Now Sadiq has extended the charge until 10pm, seven days a week, which, on top of the extortionate parking costs, will make thousands of people stay away. This will have a devastating knock-on effect on London’s core industries, already crippled by the lockdown.
Moreover, the mayor is making many major roads around the City car-free, which will make even financial services harder to provide. And those stubborn souls who’ll cling to their cars will have to contend with much heavier traffic.
For, labouring under the misapprehension that London is indistinguishable from Amsterdam, one-tenth London’s size, Sadiq has introduced hundreds of miles of extra bicycle lanes. We should all swap our polluting monsters for bikes, as far as he’s concerned.
Traffic in London already crawls along at 7mpg on average, and Sadiq’s new bicycle lanes and road closures are guaranteed to reduce it to walking pace. That means that the thousands of businesses forced to close because of Covid may never reopen.
Britain in general, and London specifically, need to make doing business as easy as possible, both to intensify domestic economic activity and to attract foreign companies. Yet Sadiq’s needs are different: he clearly follows Lenin’s cynical strategy of ‘the worse, the better’.
The next mayoral election is a year away, which is enough time to do irreversible damage. Moreover, for reasons I outlined above, there’s every chance of Sadiq being re-elected, or replaced with his ideological twin.
Margaret Thatcher chopped through that Gordian knot by abolishing the GLC. Boris Johnson could, in my view should, do the same by getting rid of the mayor altogether and replacing him with a cabinet minister for London, with more power relegated to borough councils.
That would raise hue and cry from various quarters but, capitalising on his sterling knowledge of history, Mr Johnson could quote Guy Fawkes on the subject of desperate times and desperate measures.

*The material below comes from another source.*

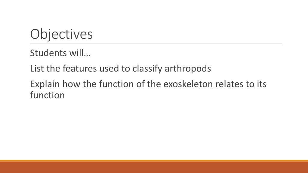 Objectives • Students will… • List the features used to classify arthropods • Explain how the function of the exoskeleton relates to its function

But he’d have to be the man Maggie Thatcher was, and that would take more (or, in her case, less) than the ability to impregnate girlfriends. It would take qualities I doubt Mr Johnson possesses, but I’d be happy to be proved wrong.

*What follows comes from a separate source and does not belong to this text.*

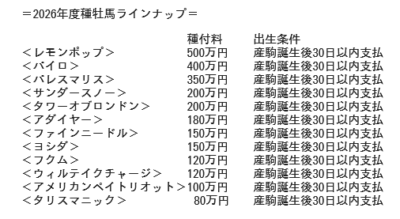 ダーレーの種付料でてたけど 他

The best thing to do in London would be to stop paying people who don’t work there to live there.
No job no housing benefit
Quite soon after doing that a lot of Labour MPs would lose their electorate.
“The City is arguably the country’s most important hub of economic activity, but London isn’t all about finance.
. . . London the most vibrant European capital, a magnet for job-seekers from all over the continent”
London rated # 2 most important city in the world. Finance [FOREX], oil and previous metal prices the rest of the world follows set daily.